How had President Zuma made the decision to appoint Simelane despite all this? He answered, in an affidavit, that he relied on the advice of his Minister of Justice and Constitutional Development (Minister Radebe), his own personal knowledge of Simelane, and Simelane's curriculum vitae. Simelane's CV was the only document Zuma had before him. (Judgment, paragraphs 5 and 45.)


The Supreme Court of Appeal concluded that this process was unacceptably thin. Unacceptable by what standard? Here at last we come to the statute in question.

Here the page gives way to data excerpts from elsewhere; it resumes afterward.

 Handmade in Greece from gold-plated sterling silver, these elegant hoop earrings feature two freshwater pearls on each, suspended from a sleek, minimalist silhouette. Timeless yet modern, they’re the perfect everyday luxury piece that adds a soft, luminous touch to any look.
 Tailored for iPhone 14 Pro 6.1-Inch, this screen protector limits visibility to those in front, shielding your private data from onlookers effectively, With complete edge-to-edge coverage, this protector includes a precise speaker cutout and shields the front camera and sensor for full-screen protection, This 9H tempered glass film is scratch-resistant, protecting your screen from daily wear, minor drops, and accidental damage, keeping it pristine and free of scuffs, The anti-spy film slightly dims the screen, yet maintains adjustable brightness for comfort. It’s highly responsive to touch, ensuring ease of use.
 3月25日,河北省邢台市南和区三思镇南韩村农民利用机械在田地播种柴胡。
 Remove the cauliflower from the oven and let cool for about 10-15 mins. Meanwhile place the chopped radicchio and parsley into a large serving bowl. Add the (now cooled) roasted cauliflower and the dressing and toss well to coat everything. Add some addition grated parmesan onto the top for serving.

Section 9(1)(b) of the National Prosecuting Authority Act 32 of 1998 provides that: 
(1) Any person to be appointed as National Director ... must ...
(b) be a fit and proper person, with due regard to his or her experience, conscientiousness and integrity, to be entrusted with the responsibilities of the office ....

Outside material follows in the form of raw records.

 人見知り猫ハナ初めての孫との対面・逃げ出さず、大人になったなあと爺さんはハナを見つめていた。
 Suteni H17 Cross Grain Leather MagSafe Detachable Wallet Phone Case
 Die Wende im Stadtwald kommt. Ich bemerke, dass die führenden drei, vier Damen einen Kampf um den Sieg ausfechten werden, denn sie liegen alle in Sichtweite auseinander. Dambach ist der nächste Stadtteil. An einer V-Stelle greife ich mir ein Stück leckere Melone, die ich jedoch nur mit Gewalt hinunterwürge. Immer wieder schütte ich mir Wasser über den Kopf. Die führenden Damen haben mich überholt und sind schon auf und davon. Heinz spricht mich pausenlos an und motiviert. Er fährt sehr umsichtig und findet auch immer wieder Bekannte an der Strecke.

To interpret this statute, the court looked to the constitutional provision that had mandated the law's enactment, section 179(4) of the Constitution. That section says simply: "National legislation must ensure that the prosecuting authority exercises its functions without fear, favour or prejudice."


Emphasizing that the Constitution says that this national legislation must accomplish this end, the Supreme Court of Appeal wrote: 
That is the primary purpose of the Act. It will falter at the starting post if it is not insistent about the qualities the head of the institution must possess in order to lead the NPA [National Prosecuting Authority] on its constitutional path. Section 9(1)(b) must consequently be construed to achieve that purpose.
For that reason, the Court says, it accepts the position of the Democratic Alliance that "at least the following" are required in the appointment process (paragraphs 107, 98):
(a) Obtaining sufficient and reliable information about the candidate's past work experience and performance;
(b) obtaining sufficient and reliable information about the candidate's integrity and independence; and
(c) in cases where the candidate is the subject of allegations calling his fitness to hold office into question, a satisfactory process to determine the veracity of the allegations in a reliable and credible fashion.
These are, the Court declares, "the least that 'we the people' can expect and that s 9(1)(b) demands."


I will have more to say about this interpretation in my next post. But I'll close this one by inviting readers to compare the text of the statute, quoted a few paragraphs above, with the court's interpretation. It's clear that we are far from the textualism of the United States case I posted about the other day. That may be cause for concern or celebration, but the distance between the statutory text and the judicial interpretation is profound -- and is a distance traversed by the Court not by parsing the words of 9(1)(b) or even the words of section 179(4) of the Constitution but rather by giving dramatic force to the values the court sees expressed in the constitutional text.